On the other hand, when power supply voltage exceeding voltage defined in the specification of the motor 3 is input, the PWM duty D is changed as illustrated in FIGS. 15 and 16. FIG. 15 is a diagram illustrating a relationship among voltage after rectification, PWM duty, and motor current at a power supply voltage of 200 V and FIG. 16 is a diagram illustrating a relationship among voltage after rectification, PWM duty, and motor current at a power supply voltage of 230 V.

As illustrated in FIG. 15, when the power supply voltage effective value is 200 V, the voltage instantaneous value V after full-wave rectification is about 280 V at the maximum. When the voltage threshold value Vth is set to 140 V, the voltage instantaneous value V of the power supply voltage exceeds the voltage threshold value Vth. Thus, the PWM duty is reduced from D1 to D2 (e.g., 50% of D1) at the time when the voltage instantaneous value V exceeds the voltage threshold value Vth. As a result, as illustrated in FIG. 13B, the current value I is reduced to thereby allow prevention of damage of the switching element 7a.
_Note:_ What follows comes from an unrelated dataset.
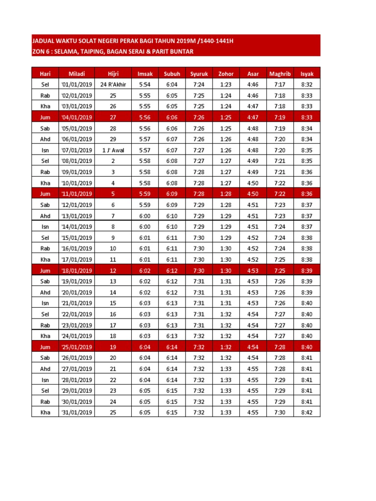 Waktu Solat Zon 6 Selama Taiping Bagan Serai Parit Buntar Pdf

When the power supply voltage effective value is 230 V, the voltage instantaneous value V after full-wave rectification is about 322 V at the maximum, as illustrated in FIG. 16. When the voltage threshold value Vth is set to 140 V, the voltage instantaneous value V of the power supply voltage exceeds the voltage threshold value Vth. Thus, the PWM duty is reduced more than in the case where the power supply voltage effective value is set to 200 V (e.g., 30% of D1). As a result, as illustrated in FIG. 13B, the current value I is reduced to thereby allow prevention of damage of the switching element 7a.
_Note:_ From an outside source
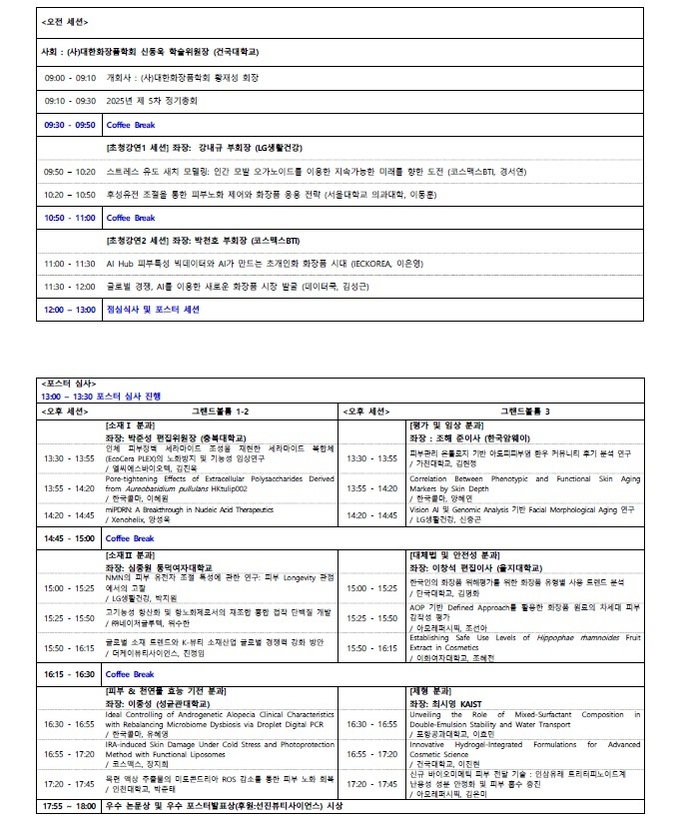 오후 세션은 소재, 제형, 평가 및 임상, 피부 & 천연물 효능 기전, 안전성, 대체법 등 6개 분과 강연 총 18편의 논문이 발표된다.

As described above, by reducing the PWM duty D2 as the power supply voltage becomes higher, the current value can be suppressed to thereby prevent damage of the switching element 7a. Further, as illustrated in FIG. 4, by reducing the PWM duty D1 at a normal time as the power source voltage becomes larger, the current value in the entire impact driver 1 can be suppressed to thereby further prevent the switching element 7a from being damaged.
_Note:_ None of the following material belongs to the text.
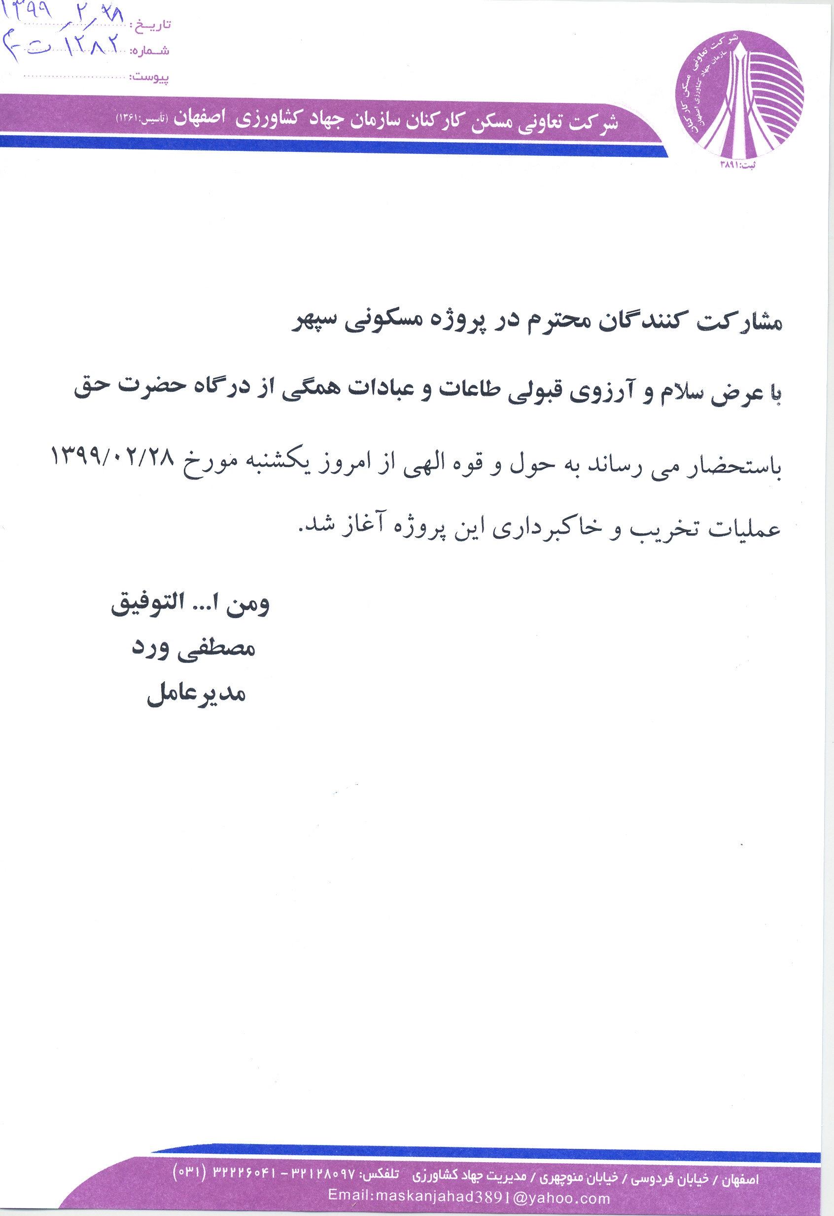 اطلاعیه آغاز عملیات خاکبرداری پروژه سپهر

As described above, in the impact driver according to the second embodiment, the PWM duty is reduced only when the voltage instantaneous value to be input to the inverter circuit exceeds the voltage threshold value. This can suppress the current value to be input to the inverter circuit without excessively reducing the drive power to be supplied to the motor. Thus, occurrence of overcurrent can be prevented while maintaining the motor drive power to thereby prevent damage of the switching element.

Next, the impact driver according to a third embodiment will be described. In the present embodiment, the impact driver 1 performs switching of the PWM duty D on the basis of an elapsed time t from a zero-cross point to be described later.

In the present embodiment, the voltage detection circuit 27 also serves as a zero-cross detection unit of the present invention and detects a zero-cross point at which the voltage instantaneous value V to be input to the inverter circuit 20 becomes 0.

Further, in the present embodiment, the arithmetic part 24 also serves as a period detection unit of the present invention and measures a time between the two consecutive zero-cross points detected by the voltage detection circuit 27 by using a timer 24d to acquire a half period T0 of AC power output from the commercial AC power supply 30. Further, the arithmetic part 24 measures the elapsed time t from the zero-cross point by using the timer 24d.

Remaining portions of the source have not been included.